Il me semble que vous vous êtes livré ici à un bien laborieux exercice d’explication de texte (ou de discours), en voulant expliquer à la place de Mustafa Abdeljalil ce que vous auriez souhaité qu’il n’osât jamais dire, comme si, à la manière d’un enfant, vous lui aviez dicté un texte dont il aurait perdu le fil, par égarement ou par inattention ! D’où votre apparent agacement. Votre paternalisme.

Vous vous proposez ainsi, agacé, de nous réexpliquer, à sa place, ce qu’il a voulu dire, de nous clarifier le mot « charia » tel que Mustafa Abdeljalil l’aurait voulu signifier et, donc, de nous laisser entrevoir ce que ce mot, tel qu’utilisé par Mustafa Abdeljalil, voudra dire pour la Libye de demain. Cette Libye de demain, cette Libye de la charia apaisée que vous définissez déjà à la place des Libyens alors même que, dans le même temps, vous nous rappelez, bien contradictoirement, que nous devons attendre, avant que de paniquer, « pour savoir à quoi ressemblera cette Libye, attendre la Constituante dans huit mois. Puis les élections générales. Puis le type de gouvernement qui en sortira. » Mais, osera-t-on vous demander, un gouvernement par qui ? Par les Libyens ou par l’Occident ? Ne vous semble-t-il pas drôle que ce soit vous, un homme de l’Ouest, un Français, fût-il philosophe, fût-il gourou, qui dussiez vous mêler de nous définir quelque chose qui relève désormais de la politique intérieure d’une Libye supposée « libre », donc indépendante de tout dictat externe ou interne ?

Que de contorsions, donc, pour expliquer, à la place des Libyens, des termes dont vous ne semblez pourtant pas mesurer l’élasticité réelle, tant ils restent tributaires de ce que les philosophes humanistes, pourtant, reconnaissent comme relevant du type de relativité culturelle qui, justement, ne permet aucune confusion entre, d’une part, l’idée que l’Occident se fait du reste du monde, et d’autre part, l’idée que le reste du monde se fait de lui-même.

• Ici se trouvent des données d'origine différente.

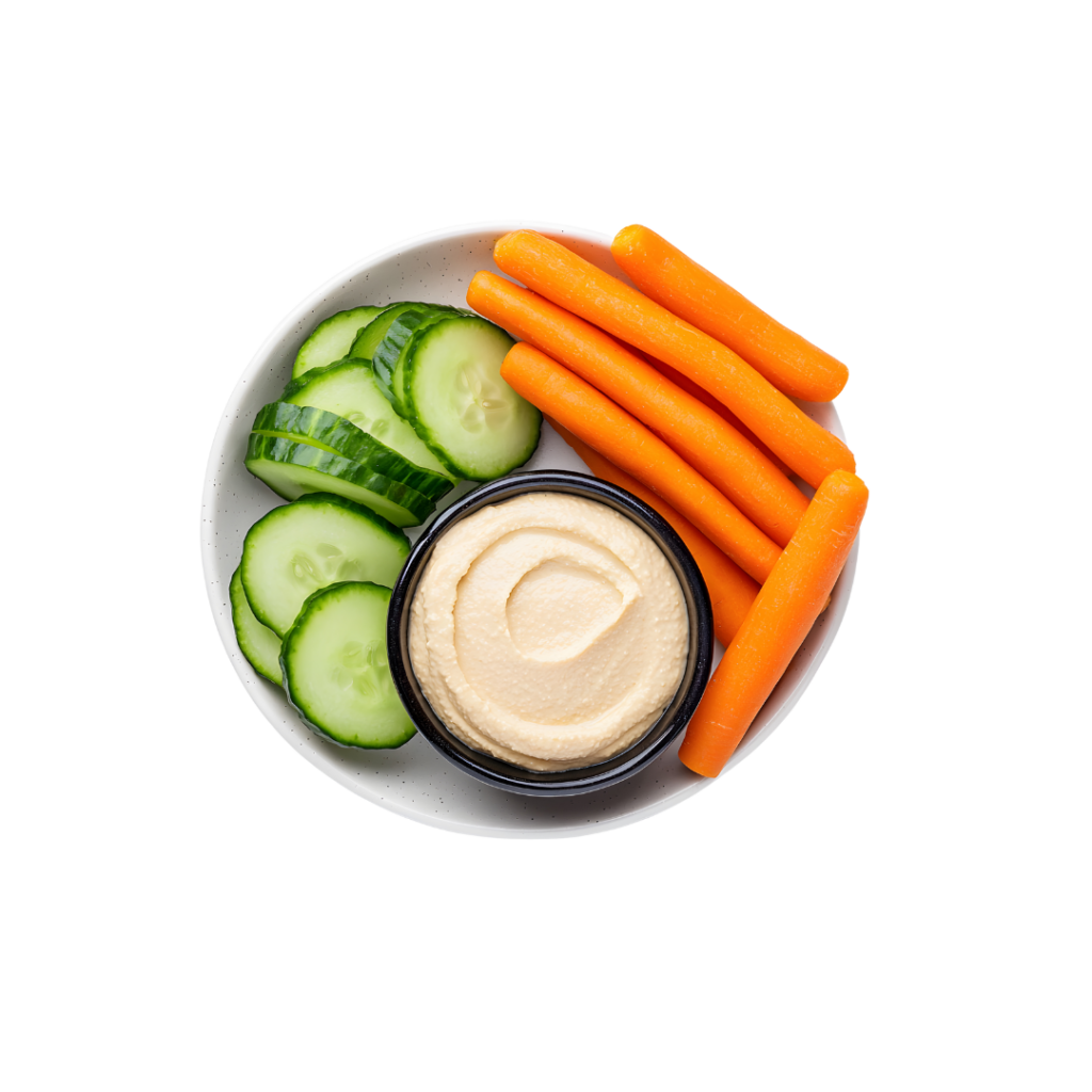 1/3 cup of hummus with carrot sticks or cucumbers

Ainsi, quand vous réduisez ce que vous avez fait de « votre » Libye à ce que vous appelez le « grand schisme qui traverse le monde musulman, de l’affrontement historique (et, désormais, démocratique) entre les deux islams, celui des Lumières et celui des ténèbres, celui des modérés et celui des extrémistes », il me semble que vous allez bien trop vite en besogne, surtout quand vous interprétez ce schisme, obligatoirement, comme une « main tendue à l’Europe », c’est-à-dire une abdication des Libyens face aux valeurs occidentales.

On est tout de suite tenté de vous demander : votre combat en Libye consistait en quoi, finalement ? Etait-ce le résultat d’un élan humaniste visant à libérer un peuple sous joug, puis à le laisser décider sa destinée selon sa propre volonté et selon son propre tempérament, ce qui était supposé être la raison de l’évincement de Kadhafi, ou s’agissait-il, plutôt, de substituer au dictat kadhafiste le dictat d’un Occident en quête de « mains tendues », c’est-à-dire un Occident replongé dans ses vieilles utopies de missions civilisatrices qui, une fois le bilan fait, n’apportèrent aux « primitifs » conquis que les misères habituelles, c’est-à-dire un déni total d’humanité ?

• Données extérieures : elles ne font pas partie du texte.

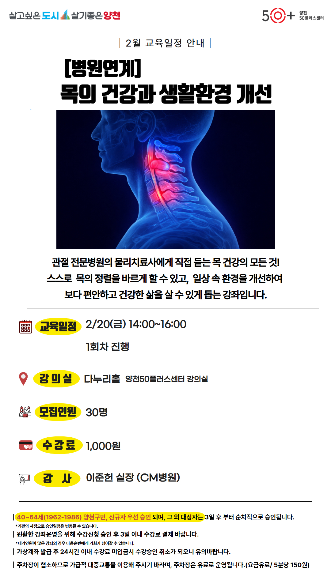 (1 회차) 2026.02.20(14:00 ~ 16:00) 다누리홀 CM병원 주제 : 목의 건강과 생활환경 개선

Je renouvelle ma question : pourquoi le combat d’un peuple pour la démocratie, sa démocratie, qu’elle qu’en soit la forme, doit-il toujours être marqué du sceau d’une occidentalisation nécessaire, obligatoire ? Pourquoi des destinées nationales voulues souveraines semblent-elles toujours devoir attendre le quitus de l’Occident avant que de pouvoir s’affirmer ? Pourquoi des combats pour la dignité humaine dans lesquels l’occident se retrouve impliqué, à tort ou à raison, doivent-ils toujours être transformés en missions civilisatricesqui doivent toujours supposer la guerre des civilisations, donc l’éradication des valeurs de civilisation qui sont intrinsèques aux peuples autres ?

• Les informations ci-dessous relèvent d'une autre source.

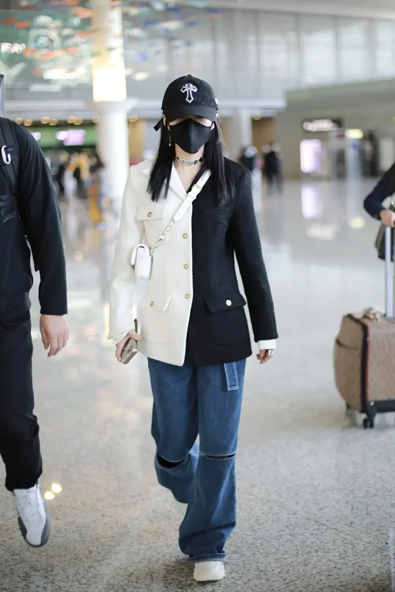 张韶涵拼色西装时尚帅气机场照图片第4张

C’est que, en fin de compte, prisonnier de cette idéologie occidentale qui vous anime, vous semblez incapable de voir en le mot « démocratie » autre chose que ces valeurs qui sont propres à l’Occident et qui, de ce fait, et si l’on en croit les non-dits de votre texte, sont en directe confrontation avec les valeurs contenues dans le mot « charia ». Cette automatique incompatibilité que vous supposez entre « démocratie » et « charia » est, en définitive, ce qui cause le malaise à la lecture de votre article. Et votre maladroite tentative d’occidentaliser la charia, de la mouler, de la moduler et de la refondre cache mal, en réalité, votre incapacité à sortir de la matrice idéologique et culturelle qui est la vôtre, et qui suppose une supériorité des valeurs occidentales sur celles des autres, c’est-à-dire une attitude d’intolérance vis-à-vis de ce qui est autre, de ce qui est différent, différence automatiquement perçue comme une menace qui, impérativement, doit subir la mue vers l’occidentalisation et, donc, se doit d’être marquée du sceau de l’acceptabilité et de la conformité par l’Occident.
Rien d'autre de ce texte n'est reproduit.